Posiblemente calificar a Banks, como hace el comentarista de The Guardian como un autor que “marca el estándar con el que se juzga el resto de la ciencia ficción” resulte tremendamente exagerado. Lo que sucederá en El Jugador es bastante previsible. Quizás las tres principales incógnita de la novela sean, por este orden, quién ganará la última partida, que motivo tiene Contacto para participar en el juego y quién es el misterioso personaje narrador de lo que sucede. Por lo que se refiere a las dos primeras preguntas el lector, a medida que va leyendo, no puede menos que recordar El juego de Ender y sospechar que se trata de una situación idéntica o similar a la planteada por Orson Scott Card. En cuanto a la tercera tampoco le costará mucho intuir la respuesta. El propio Banks, al final del libro, en un rasgo de humor, se permite señalar que “quizá ya la hayan adivinado, ¿y quién soy yo para privarles de la satisfacción que les habrá proporcionado el averiguarlo sin la ayuda de nadie?”

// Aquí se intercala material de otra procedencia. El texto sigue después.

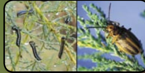
D. elongata pupae and adult

The saltcedar leaf beetles are yellow-brown and about ¼ inch long. Larvae feed on saltcedar foliage for about 3 weeks before crawling or dropping to the ground where
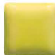
Spring Green EM-1009 (O)
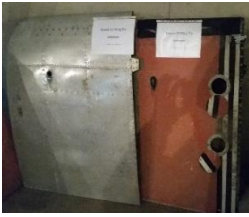
Beech 18 Wing Tip
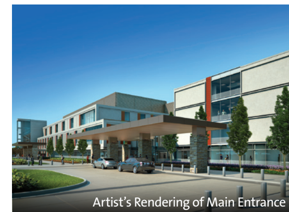
Artist's Rendering of Main Entrance

To Learn More » Visit genesishcs.org and select "Building For Your Health" for an interactive virtual tour, videos and a webcam that gives you real-time photos of construction.
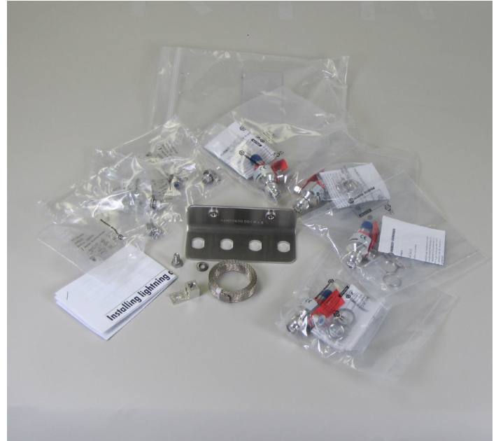
Lightning Supression Kit Contents
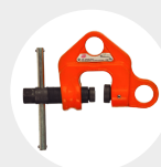
SPINDLE CLAW WF MODEL Pag. 49
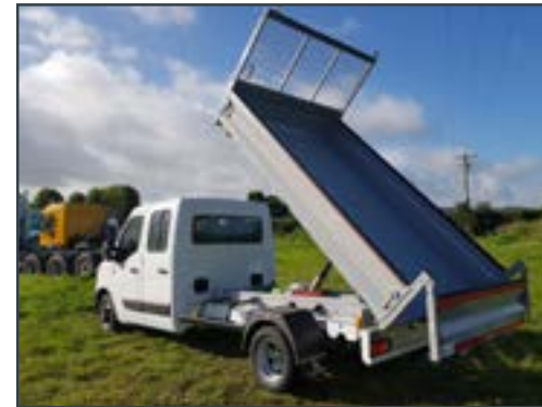
The Aluminium Rear Tipper JPM Original

Payload Up to 1140 kg (Euro VI extended)
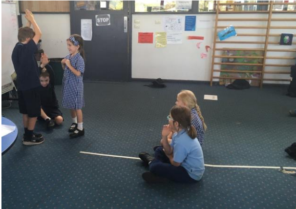
1T students performing their emotions scene to the class
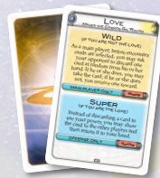
30 FLARE CARDS

A pesar de que el pretendido suspense tiene pocos grados de intensidad la novela en su segunda parte se lee con un interés creciente.

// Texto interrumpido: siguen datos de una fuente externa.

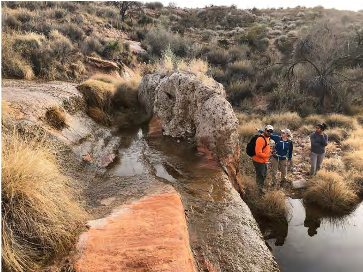
Red Rock Springs Monitoring Site Visit by USGS and BLM Resource Staff

Researchers with the USGS Nevada Water Science Center are currently collecting and analyzing water samples from Bear Poppy, Horse, Quail, and Red Rock Springs in Gold Butte National Monument to provide information on possible sources of water to the springs. The water samples are being analyzed for major ions, trace elements, stable isotopes of hydrogen and oxygen, dissolved gasses, chlorofluorocarbons (CFCs), sulfur hexafluoride (SF 6 ), and tritium/helium. The analyses is performed at the USGS National Water Quality Lab (NWQL), the USGS Reston Stable Isotope Laboratory (RSIL), and the USGS Reston Groundwater Dating Lab (RGDL). The results of laboratory analyses will be accessible to the public from the USGS National Water Inventory System web portal.
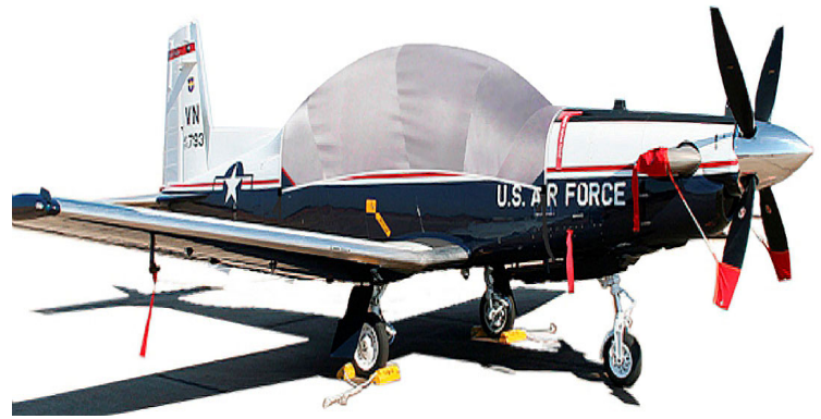
Texan II T6A Canopy Cover, Engine Inlet Plug, Prop Tie/Exhaust Covers, Pitot Cover

Por un lado debería sorprender que las Inteligencias Artificiales que aparecen en la novela no respondan a la imagen que de ellas se tenía hasta el momento. Digo “debería” porque parece obvio que el desfase temporal entre la fecha de la publicación original (1988) y la versión que comentamos (2007) es tan grande que lo que en aquel momento pudiera ser una novedad es actualmente de uso cotidiano. Las IA de Banks tienen sentimientos casi de niño pequeño y son extremadamente sensibles al trato que les dan los humanos, razón por la que la nave Factor limitativo acaba “confesando a Gurgeh que también había intentado dar ánimos a Flere-Imsaho (la IA) asegurándole que el humano (Gurgeh) sentía una gran respeto hacia ella y la apreciba mucho”. El aspecto sensible de los ordenadores o las IA aparecía ya anteriormente en otros lugares, recordemos por ejemplo 2001, una Odisea espacial pero en todos ellos eran considerados como “máquinas” al servicio de los humanos y no, como sucede aquí, entidades con los mismo derechos de quienes las crearon. Incluso más porque en definitiva, lo que se desprende de la novela, es que son los humanos quienes están siendo utilizados por las IA y no al revés.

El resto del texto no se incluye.